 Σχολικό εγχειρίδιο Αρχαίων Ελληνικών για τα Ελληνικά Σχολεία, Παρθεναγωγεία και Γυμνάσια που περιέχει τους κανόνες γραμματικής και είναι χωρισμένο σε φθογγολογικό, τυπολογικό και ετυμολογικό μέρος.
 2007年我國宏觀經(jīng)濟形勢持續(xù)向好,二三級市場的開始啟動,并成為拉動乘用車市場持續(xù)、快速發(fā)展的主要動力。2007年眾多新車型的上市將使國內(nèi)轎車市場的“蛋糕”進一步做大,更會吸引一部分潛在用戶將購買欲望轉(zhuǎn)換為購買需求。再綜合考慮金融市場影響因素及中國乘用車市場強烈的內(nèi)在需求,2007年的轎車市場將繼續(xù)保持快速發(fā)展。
* * *
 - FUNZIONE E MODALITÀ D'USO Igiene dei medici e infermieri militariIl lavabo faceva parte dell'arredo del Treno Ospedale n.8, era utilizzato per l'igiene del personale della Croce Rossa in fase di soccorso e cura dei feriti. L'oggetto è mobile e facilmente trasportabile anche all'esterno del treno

◆ **AIM OF THE EXERCISE**
Among the records above, repeat exactly the line with "Σχολικό εγχειρίδιο Αρχαίων", the line with "2007年我國宏觀經(jīn", and every line in between, and only those.

◆ **EXERCISE ANSWER**
 Σχολικό εγχειρίδιο Αρχαίων Ελληνικών για τα Ελληνικά Σχολεία, Παρθεναγωγεία και Γυμνάσια που περιέχει τους κανόνες γραμματικής και είναι χωρισμένο σε φθογγολογικό, τυπολογικό και ετυμολογικό μέρος.
 2007年我國宏觀經(jīng)濟形勢持續(xù)向好,二三級市場的開始啟動,并成為拉動乘用車市場持續(xù)、快速發(fā)展的主要動力。2007年眾多新車型的上市將使國內(nèi)轎車市場的“蛋糕”進一步做大,更會吸引一部分潛在用戶將購買欲望轉(zhuǎn)換為購買需求。再綜合考慮金融市場影響因素及中國乘用車市場強烈的內(nèi)在需求,2007年的轎車市場將繼續(xù)保持快速發(fā)展。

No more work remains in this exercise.